An international team of researchers has identified nine planetary boundaries that must be maintained in order to sustain life on earth as we know it. Of those nine, we have already crossed the thresholds of four in such as way as to “fundamentally change the functions of nature.” By “degrading land and freshwater systems, emitting greenhouse gases and releasing vast amounts of agricultural chemicals into the environment” we are, the researchers say “eating away at our own life support systems.”
The team of 18 includes researchers from Scripps Institution of Oceanography at UC San Diego, the Australian National University and the Stockholm Resilience Centre. Together they spent five years identifying nine planetary boundaries, whose “processes and systems regulate the stability and resilience of the earth system,” as well as the current standing of those boundaries.
The nine boundaries are:
- Climate change
- Change in biosphere integrity (biodiversity loss and species extinction)

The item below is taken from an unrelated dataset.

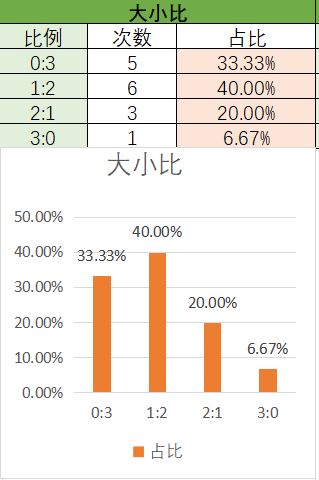 上期大小比为3:0,其中3:0占比变大,1:2占比变小。可以看到近15期内1:2优势最好的,其次是0:3,然后是2:1,最后是3:0。本期看好2:1开出,其次是1:2。
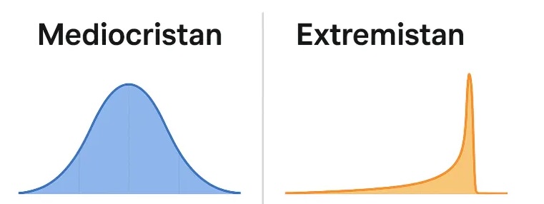 | Aussi proche de l’égalité utopiste que la réalité le permet | Dominé par une inégalité extrême, de type “le gagnant rafle tout” |

- Stratospheric ozone depletion
- Ocean acidification
- Biogeochemical flows (phosphorus and nitrogen cycles)
- Land-system change (for example deforestation)
- Freshwater use
- Atmospheric aerosol loading (microscopic particles in the atmosphere that affect climate and living organisms)
- Introduction of novel entities (e.g. organic pollutants, radioactive materials, nanomaterials, and micro-plastics).
Of these, climate change and biosphere integrity are “core boundaries,” and any significant change in these would “drive the earth system into a new state.” Yet, we have already crossed into a “zone of uncertainty” in not just climate change and biosphere integrity, but also biogeochemical flows and land-system change.
In the words of one of the team, Veerabhadran Ramanathan, the findings are “sobering.” Speaking to the Guardian, the report’s lead author Will Steffen explained that these systems have shot up since 1950, and show no signs of slowing down. “When economic systems went into overdrive, there was a massive increase in resource use and pollution,” Steffen said. “It used to be confined to local and regional areas but we’re now seeing this occurring on a global scale. These changes are down to human activity, not natural variability.”
He continued: “It’s clear the economic system is driving us towards an unsustainable future and people of my daughter’s generation will find it increasingly hard to survive. History has shown that civilizations have risen, stuck to their core values and then collapsed because they didn’t change. That’s where we are today.”
The findings were published January 16 in the journal Science, and will be presented as a series of seminars at the World Economic Forum in Davos on January 21-24.